What the task requires: What is wanted is every line below from the one with "De Genesis GV60" up to and including the one with "В приборостроении наибольшее", retyped exactly, pictures excluded, nothing else.

Given records:
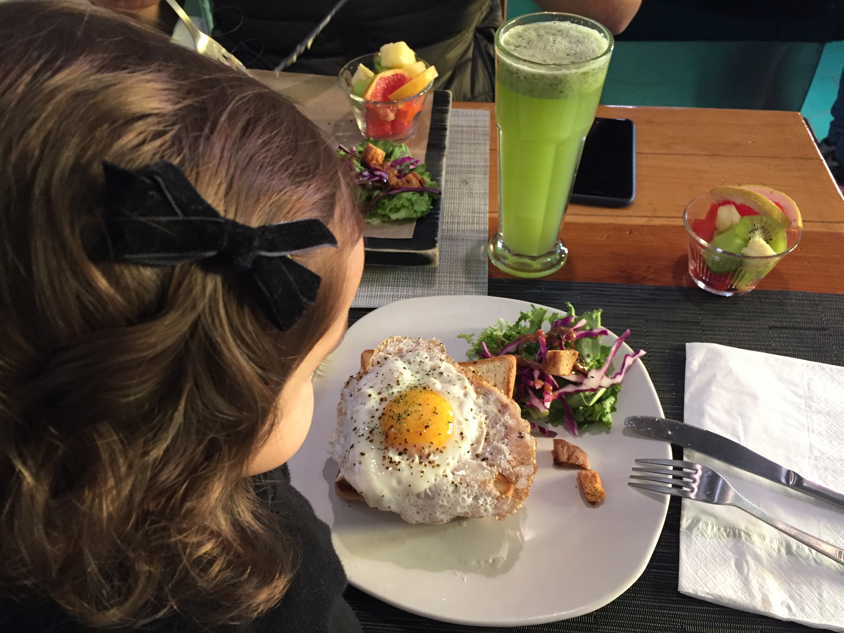 Este es mi gran favorito. Me encanta el lugar y la comida para desayunar es deliciosa. Cuando vamos, generalmente en plan con amigos, el tiempo se nos pasa volando; empezamos tomando jugo y cuando acordamos ya estamos pidiendo una cerveza. Hace 2 años escribí una extensa reseña del lugar, y desde entonces han cambiado lógicamente varias cosas, entre ellas que ya tienen un área para niños con columpios, casitas de madera, amplio jardín empastado, y un espacio para manualidades con niñeras. La desventaja es que esta área no está a la vista desde la zona de comida, pero nosotros lo que hemos hecho también es llevarnos juguetes y les dejamos a los niños un espacio en la mesa (que por cierto son muuuy amplias) y ahí se entretienen sobre todo con los Legos. Y bueno en el patio de la zona de comida, también hay mesas de ping pong y futbolitos para recreación de grandes y chicos. ¡No dejen de probar el atole de Chai!
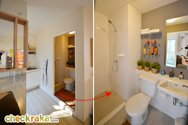 ภายในห้องน้ำแยกพื้นที่สำหรับส่วนเปียกและส่วนแห้ง ไม่มีฉากกั้นอาบน้ำ เว้นช่องไว้ด้านข้างของธรณี เพื่อเป็นทางให้น้ำไหลผ่านเนื่องจากมีตะแกรงน้ำทิ้ง (Floor drain) ตัวเดียว ปูกระเบื้องติดผนังเฉพาะที่เป็นส่วนเปียกเท่านั้น
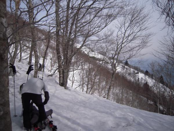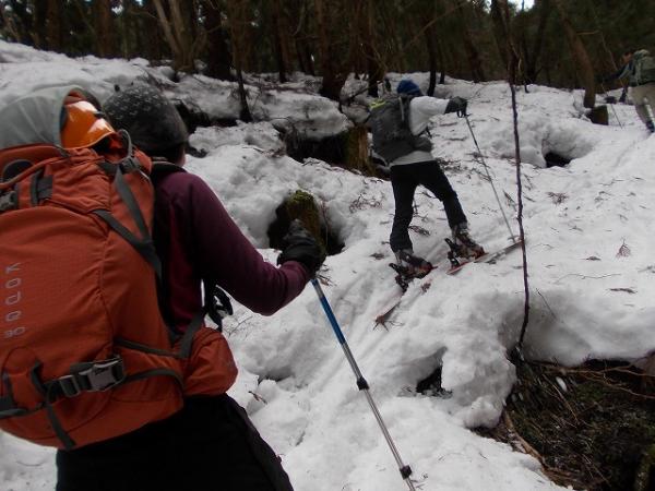谷筋を通り雪の多い西面から尾根を目指しますが、傾斜が急で、樹木も多くここが一番の
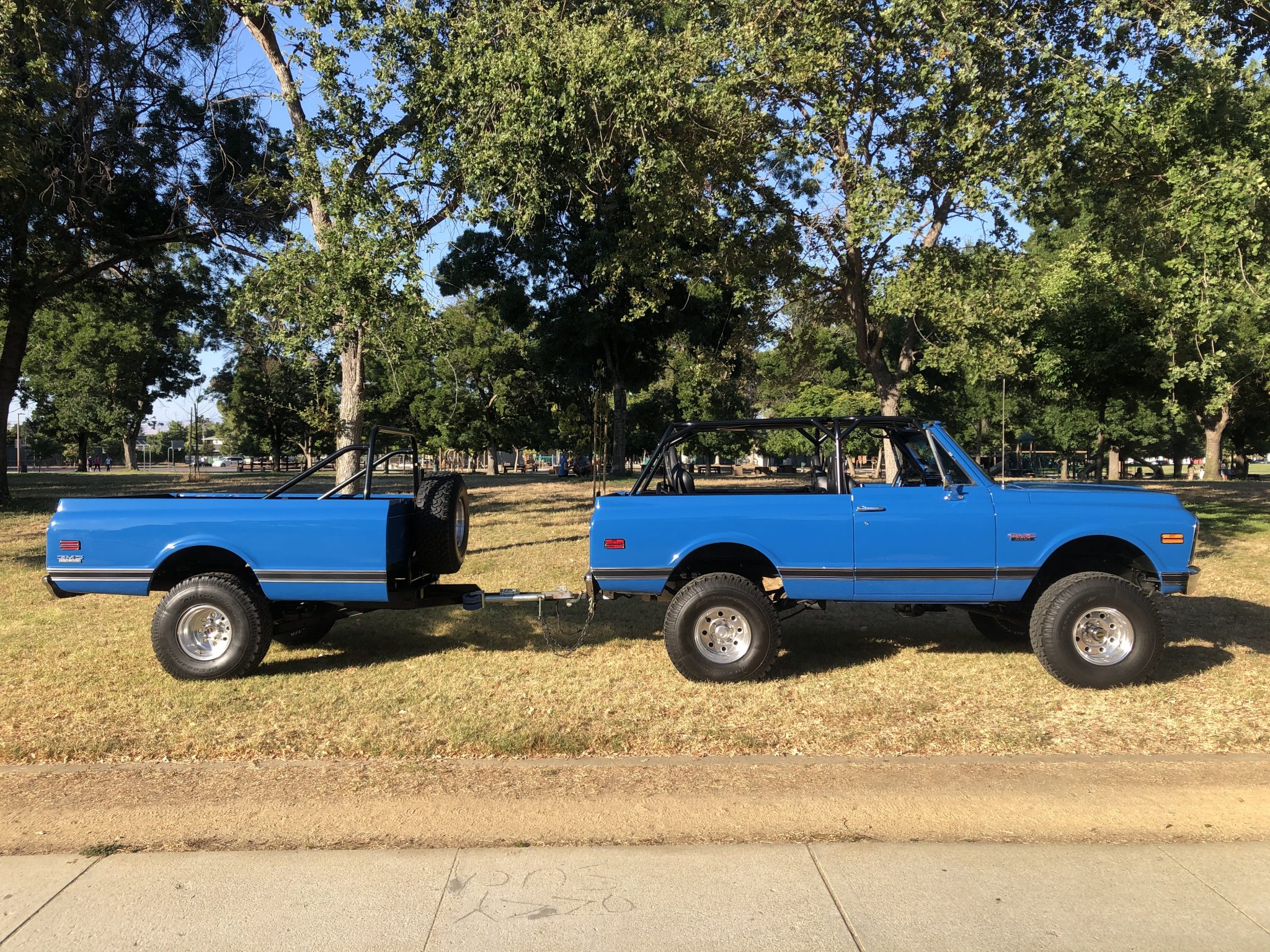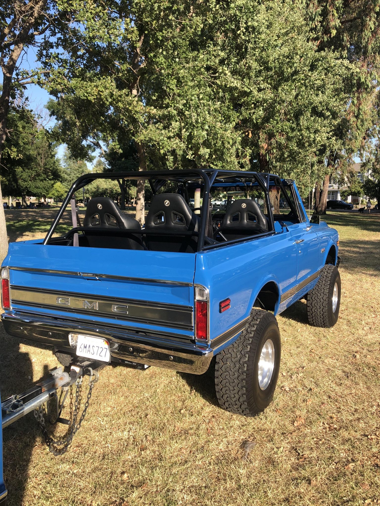 Polished Weld Super Single six-lug wheels are mounted over manually-locking hubs up front and wear BFGoodrich All-Terrain T/A KO tires, including on the included trailer. Moser axles are installed, along with a 6″ Skyjacker Softride lift kit. Braking is handled by front discs and rear drums.
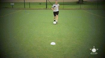 先将右脚向右前方跨一步,同时重心略微右移(球还在自己前方,不要碰它),然后左脚也向左前方跨出一步,每一步都不要超过球,保持在球的后方,使球在自己的控制之下,此时要观察对手的重心情况,可视情况右脚再做一次,直到对手的重心完全失去。最后向相反方向的斜前方拨球,加速完成过人。
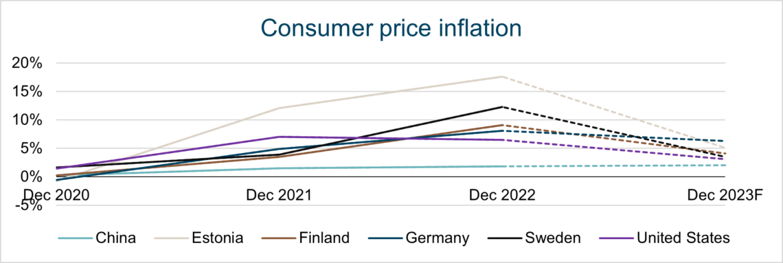 Forecasts for 2023 are mainly expecting consumer price inflation (CPI) to cool down and prices still to rise but at a slower pace. In 2022 we did not see high wage increases, but there will be a delayed effect in 2023 as salary increases taking effect from 2023 onwards will be negotiated. Raw material prices, including metals, experienced dramatic price reactions in 2021 and 2022, but they seem to have subsided for now.
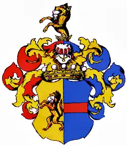 - 1760: Schild gespalten. Rechts in Gold ein rechtsgekehrter, aufgerichteter, natürlicher Wolf, mit aufgerichtetem Schweif, ein natürliches Lamm (nach anderen: einen weißen Widder) mit rechts und vorwärts gewandtem Kopfe im Rachen haltend. Links in Blau ein roter Querbalken. Auf dem Schild ruht die Freiherrnkrone. Darüber schwebt ein offener gekrönter Helm mit rechts rot-goldenen, links blau-goldenen Decken. Kleinod: Der Wolf mit dem Lamme des Schildes aus der Krone wachsend. Schildhalter sind zwei auf einer unter dem Schilde sich verbreitenden bronzenen Arabeskenverzierung stehende, auswärtssehende natürliche Wölfe mit zwischen den Hinterbeinen durchgezogenen Schwänzen.[5]
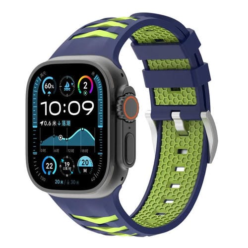 Correa de silicona bicolor con textura de neumático para Apple Watch de 42 mm, 41 mm, 40 mm y 38 mm (azul medianoche y verde lima)
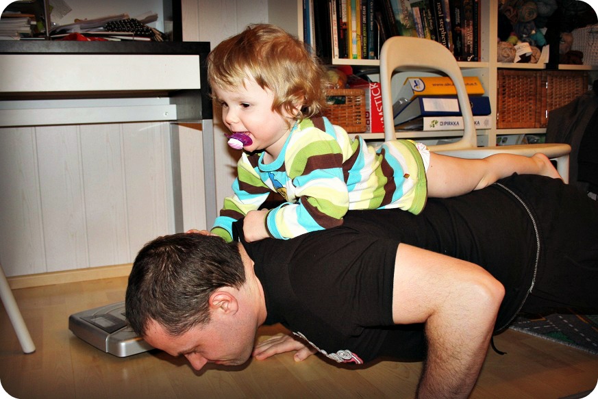 William hjälpte pappa med armhävningarna och sen Milja. I rättvisans namn, som det är med tvillingar, ville Milja sedan att det skulle vara ”Isaaas tuij!” och så blev träningen lite längre och tyngre – och roligare!
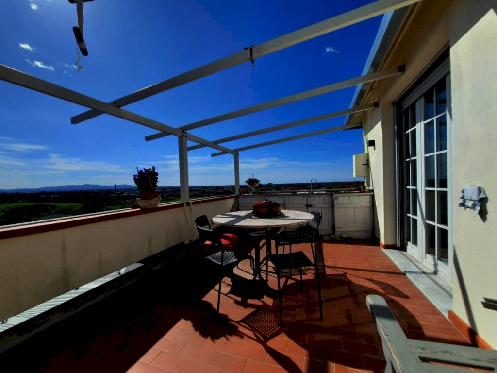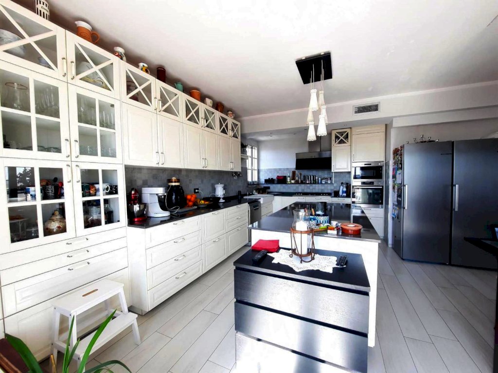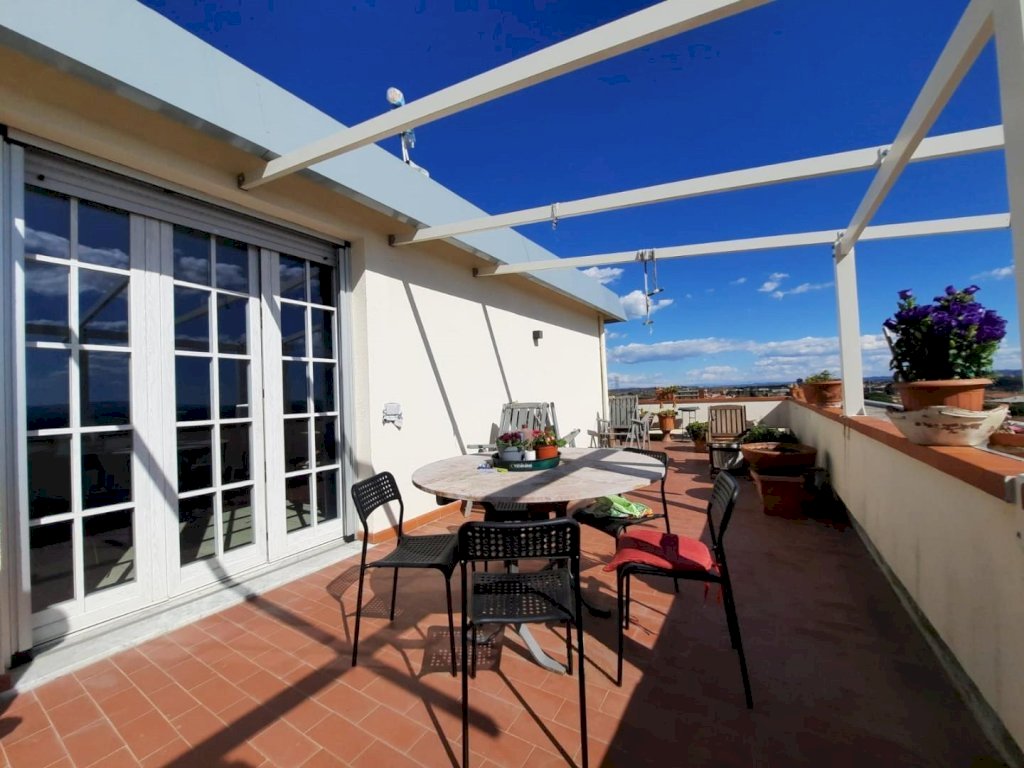 Rif. V350 CASCINA - IN ESCLUSIVA - APPARTAMENTO ATTICO 4 VANI con TERRAZZA PANORAMICA posto al 7° ed ULTIMO PIANO con ascensore, è il solo appartamento presente sul piano, libero su quattro lati e circondato da una splendita terrazza abitabile di circa 103 mq che circonda l'appartamento su tre lati e accessibile da ogni stanza. L’abitazione, dal taglio moderno e dalle metrature generose, si compone di: ingresso su piccolo disimpegno, ampia zona giorno open space (con possibilità di separare soggiorno e cucina), nella zona soggiorno è collocata una stufa a pellet e accesso diretto alla terrazza tramite ampia porta finestra, la spaziosa cucina-pranzo si articola su due lati e corredata di una comosissima isola attrezzata anche da questa zona è possibile l'accesso sulla terrazza, disimpegno notte arredabile,
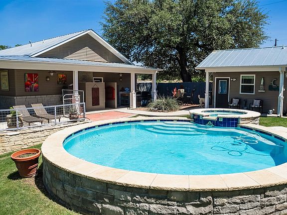 Rare offering located on the San Saba River with appx. 300+- ft of river frontage. This 3 bedroom 2 bath home with an office, offers many extras including a swimming pool & hot tub. The house features a large den dining kitchen combination with granite counter tops in the kitchen & bathrooms. The home has a split bedroom arrangement with a wood burning stove, stained concrete floors, carpet in the bedroom & office. Out back of the house is a large covered porch, green house & garden area. Next to the pool is a pool house with a bathroom & outdoor shower. The property is on city water, city sewer & also has a water well, the yard has a sprinkler system with water provided by the water well. A large metal barn garage shop with a large roll up door with a loft for storage also offers a small roll up door for lawnmowers or golf carts. Attached to the barn is a horse stables with water troughs scattered around the acreage.
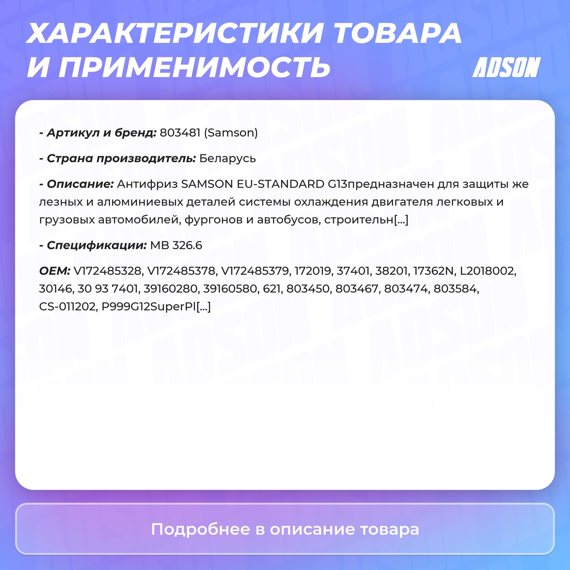 СохранитьАнтифриз, готовый раствор EU-Standard G13G12++ фиолетовый -37°C, 5кг SAMSON интересное:
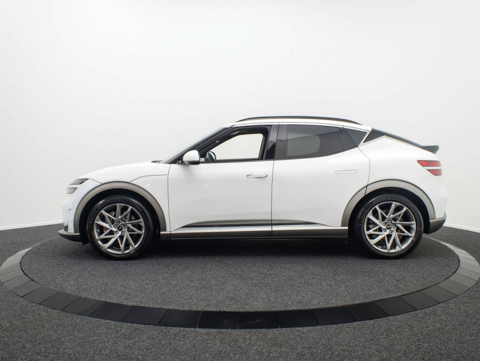 De Genesis GV60 77 kWh Premium Segment is een parel van een elektrische auto. Met zijn strakke lijnen en moderne uitstraling laat hij hoofden draaien waar je ook gaat. De prachtige witte kleur geeft de auto een elegant en tijdloos karakter. Stap in en je zult meteen verliefd worden op het verfijnde interieur, dat pure luxe uitstraalt.
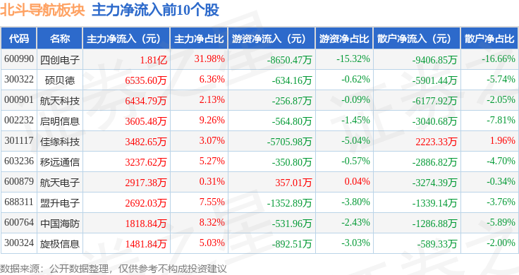 从资金流向上来看,当日北斗导航板块主力资金净流出22.66亿元,游资资金净流入3.33亿元,散户资金净流入19.33亿元。北斗导航板块个股资金流向见下表:
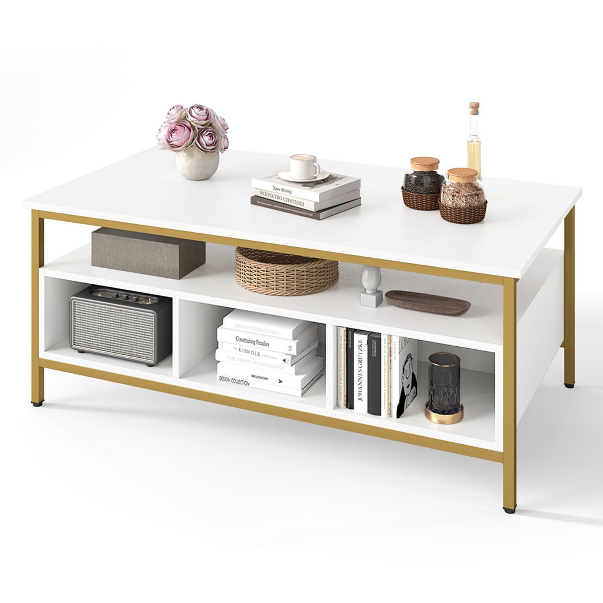 Modern rectangle coffee table with 2-tier open storage shelves
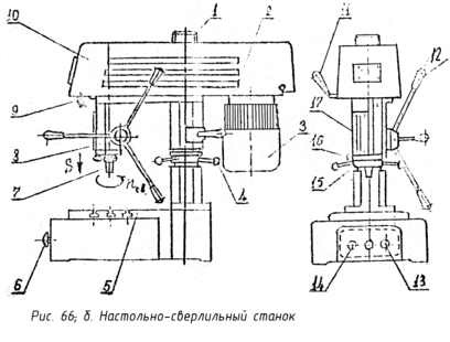 В приборостроении наибольшее распространение получили настольно-сверлильные станки (Рис. 66, а). и вертикально-сверлильные (Рис. 66,ба),на которых обработка осуществляется по первому способу.
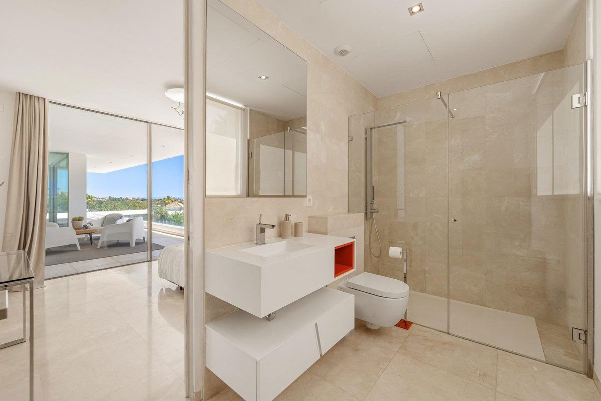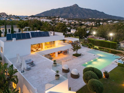 Introducing a stunning contemporary villa located in the prestigious neighbourhood of La Cerquilla, nestled in the heart of Nueva Andalucía's Golf Valley. This exclusive 7-bedroom residence sits on a generous 2,548m2 plot, offering unmatched privacy and panoramic views of Marbella's iconic La Concha mountain and the Mediterranean coastline. Its prime location places it within close proximity to top golf courses, international schools, upscale restaurants, and the vibrant Puerto Banús marina, making it an exceptional investment and lifestyle choice.
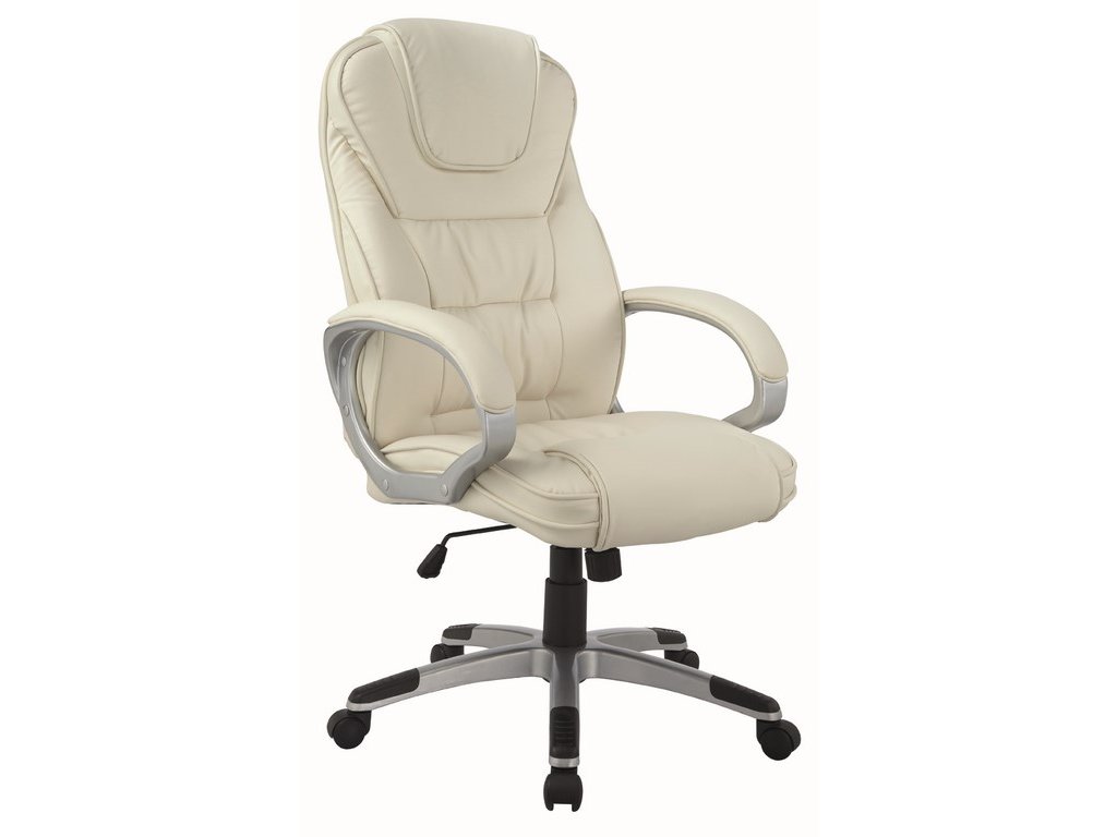 Moderní otáčecí kancelářské křeslo s možností nastavení výšky sedadla. Podstavec a opěrky jsou z kovu, čalounění je vyrobené z velmi kvalitní ekokůže .Výška sedadla je v rozmezí 44 - 50 cm, celková výška je 112 - 118 cm.Doplňkové parametry
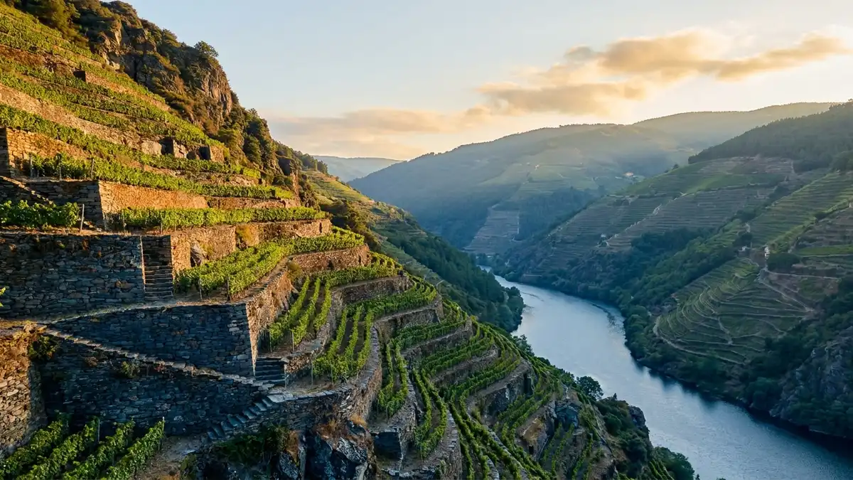 If Bierzo is mencía's prestigious face, Ribeira Sacra is its dramatic one. The vineyards are terraced into near-vertical slopes above the Sil and Miño rivers, in canyons so steep that nearly all work is done by hand or with monorail tractors. The Romans planted here two thousand years ago because the slopes caught precious sun in an otherwise cool, wet Galicia.

Result below:
 De Genesis GV60 77 kWh Premium Segment is een parel van een elektrische auto. Met zijn strakke lijnen en moderne uitstraling laat hij hoofden draaien waar je ook gaat. De prachtige witte kleur geeft de auto een elegant en tijdloos karakter. Stap in en je zult meteen verliefd worden op het verfijnde interieur, dat pure luxe uitstraalt.
 从资金流向上来看,当日北斗导航板块主力资金净流出22.66亿元,游资资金净流入3.33亿元,散户资金净流入19.33亿元。北斗导航板块个股资金流向见下表:
 Modern rectangle coffee table with 2-tier open storage shelves
 В приборостроении наибольшее распространение получили настольно-сверлильные станки (Рис. 66, а). и вертикально-сверлильные (Рис. 66,ба),на которых обработка осуществляется по первому способу.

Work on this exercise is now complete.